● DATA SHOWN:
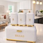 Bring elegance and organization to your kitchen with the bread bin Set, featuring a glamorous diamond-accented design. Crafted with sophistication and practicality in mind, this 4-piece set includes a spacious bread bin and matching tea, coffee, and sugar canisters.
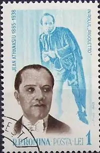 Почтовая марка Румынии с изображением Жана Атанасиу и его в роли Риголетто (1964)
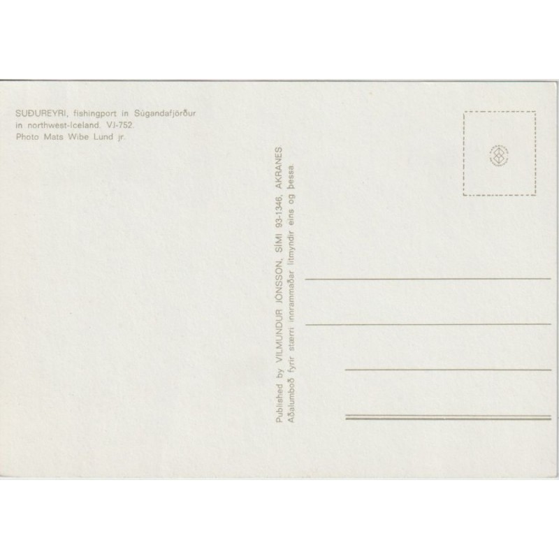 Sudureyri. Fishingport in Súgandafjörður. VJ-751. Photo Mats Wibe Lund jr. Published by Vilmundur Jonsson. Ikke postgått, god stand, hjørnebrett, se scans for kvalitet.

---

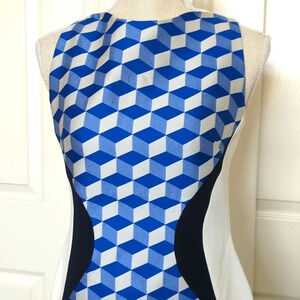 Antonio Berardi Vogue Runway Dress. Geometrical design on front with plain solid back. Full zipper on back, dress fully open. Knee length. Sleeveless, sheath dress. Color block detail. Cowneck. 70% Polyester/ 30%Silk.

==

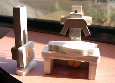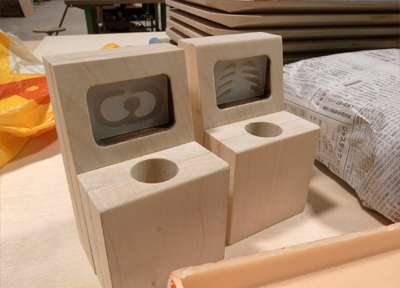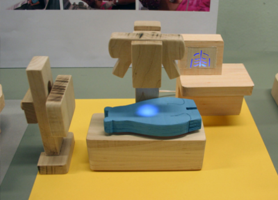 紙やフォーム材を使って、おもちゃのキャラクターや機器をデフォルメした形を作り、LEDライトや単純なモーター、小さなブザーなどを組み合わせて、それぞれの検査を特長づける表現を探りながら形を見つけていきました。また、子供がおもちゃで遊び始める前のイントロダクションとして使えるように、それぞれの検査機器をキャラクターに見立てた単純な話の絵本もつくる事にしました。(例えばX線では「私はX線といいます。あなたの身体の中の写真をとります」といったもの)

● WHAT THE TASK ASKS: In the data above, find the line containing "Bring elegance and" and the line containing "Почтовая марка Румынии". Repeat those two lines and everything between them exactly, minus the pictures.

● EXERCISE OUTPUT:
 Bring elegance and organization to your kitchen with the bread bin Set, featuring a glamorous diamond-accented design. Crafted with sophistication and practicality in mind, this 4-piece set includes a spacious bread bin and matching tea, coffee, and sugar canisters.
 Почтовая марка Румынии с изображением Жана Атанасиу и его в роли Риголетто (1964)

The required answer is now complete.